BUG #17868: Inconsistent collation in PL/pgSQL function parameters can lead to errors - Mailing list pgsql-bugs

From PG Bug reporting form
Subject BUG #17868: Inconsistent collation in PL/pgSQL function parameters can lead to errors
Date
Msg-id 17868-77406e24291c4548@postgresql.org
Whole thread Raw
Responses Re: BUG #17868: Inconsistent collation in PL/pgSQL function parameters can lead to errors  (Tom Lane <tgl@sss.pgh.pa.us>)
List pgsql-bugs
The following bug has been logged on the website:

Bug reference:      17868
Logged by:          Tanner Sterling
Email address:      tanner.sterling@outlook.com
PostgreSQL version: 15.2
Operating system:   Windows 10
Description:

First of all, I would like to confirm with you that for PL/pgSQL functions
with inconsistent collation of incoming parameters, the documentation
mentions that
If there are no parameters of collatable data types, or no common collation
can be identified for them, then parameters and local variables use the
default collation of their data type (which is usually the database's
default collation, but could be different for variables of domain types)
[1].
whether it is expressed through this use case:

CREATE OR REPLACE FUNCTION less_than(a text, b text) RETURNS boolean AS $$
BEGIN
    RETURN a < b;
END;
$$ LANGUAGE plpgsql;

select less_than(param_1, param_2) from
LATERAL (SELECT 'abc' COLLATE "en_US") AS t_param_1(param_1),
LATERAL (SELECT '123' COLLATE "C") AS t_param_2(param_2);

Results of execution:
 less_than
-----------
 f
(1 row)

But when I tried to simplify this call method, the situation became
unpredictable. The following use case looks equivalent to the one above,
except that it passes two values with different collation directly into the
function, but the execution results are different from the above use case.

select less_than('abc' COLLATE "en_US", '123' COLLATE "C");

Execution error reported:
ERROR:  collation mismatch between explicit collations "en_US" and "C"
LINE 1: select less_than('abc' COLLATE "en_US", '123' COLLATE "C")
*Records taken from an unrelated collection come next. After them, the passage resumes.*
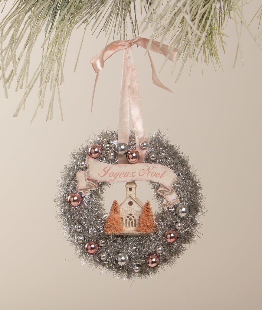 This tinsel wreath ornament by Bethany Lowe Designs is a showstopper! A lovely paper church is placed in the center of a tinsel wreath with pink and silver beads, and a soft pink ribbon. The perfect ornament for your Christmas tree or a precious gift for a special loved one. Tinsel, pressed paper, ribbon, and bottle brush. 7" X 7". SN6800P.
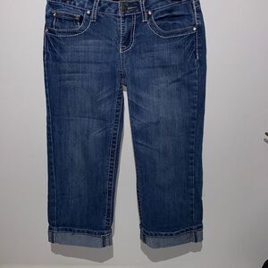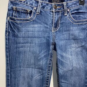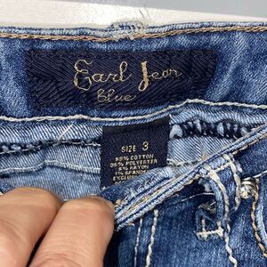 Earl Jean Women's Blue Stretch White Stitching Embellished Cropped Jeans Size 3
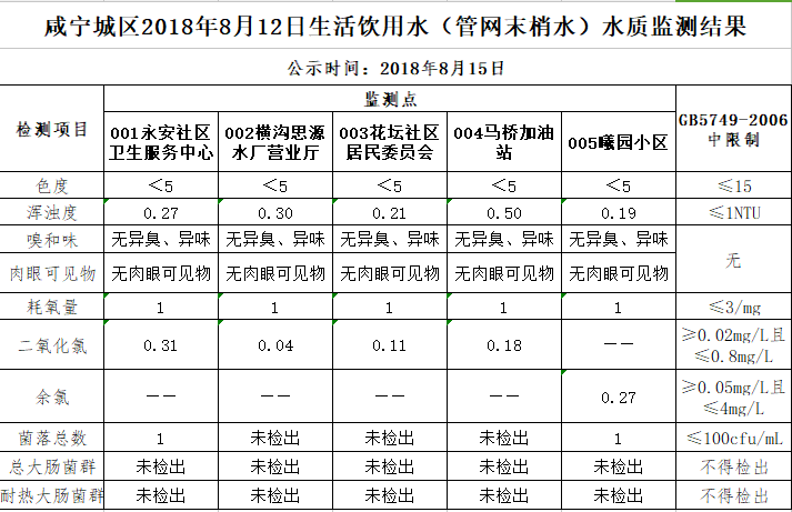 2018年8月15日咸宁城区生活饮用水监测结果公示

Why doesn't this example follow the principle mentioned above, which should
have converted the collations to the default collation instead of raising an
error? Is this a bug in the processing of PL/pgSQL function parameters?
It is possible that to me, these two invocations appear equivalent in
different formats. Some people may prefer to use the LATERAL keyword to give
a name to a value and then pass it as a parameter, while others may prefer
to directly fill in the parameter list. Therefore, these two invocations
should not produce different results, and this could be a bug in the
processing of PL/pgSQL function parameters.

By the way, according to the documentation [2], when multiple collations
need to be combined but there is a conflict that cannot be resolved, an
error is raised for the explicit collations that cannot agree, while the
default collation is usually promoted to the implicit collation. Does the
handling of collation combination conflicts in this case violate this
principle? Although the first example gives a name to the values, it still
explicitly specifies the collation types of the two values using the COLLATE
clause in the LATERAL subqueries, but it does not raise any error.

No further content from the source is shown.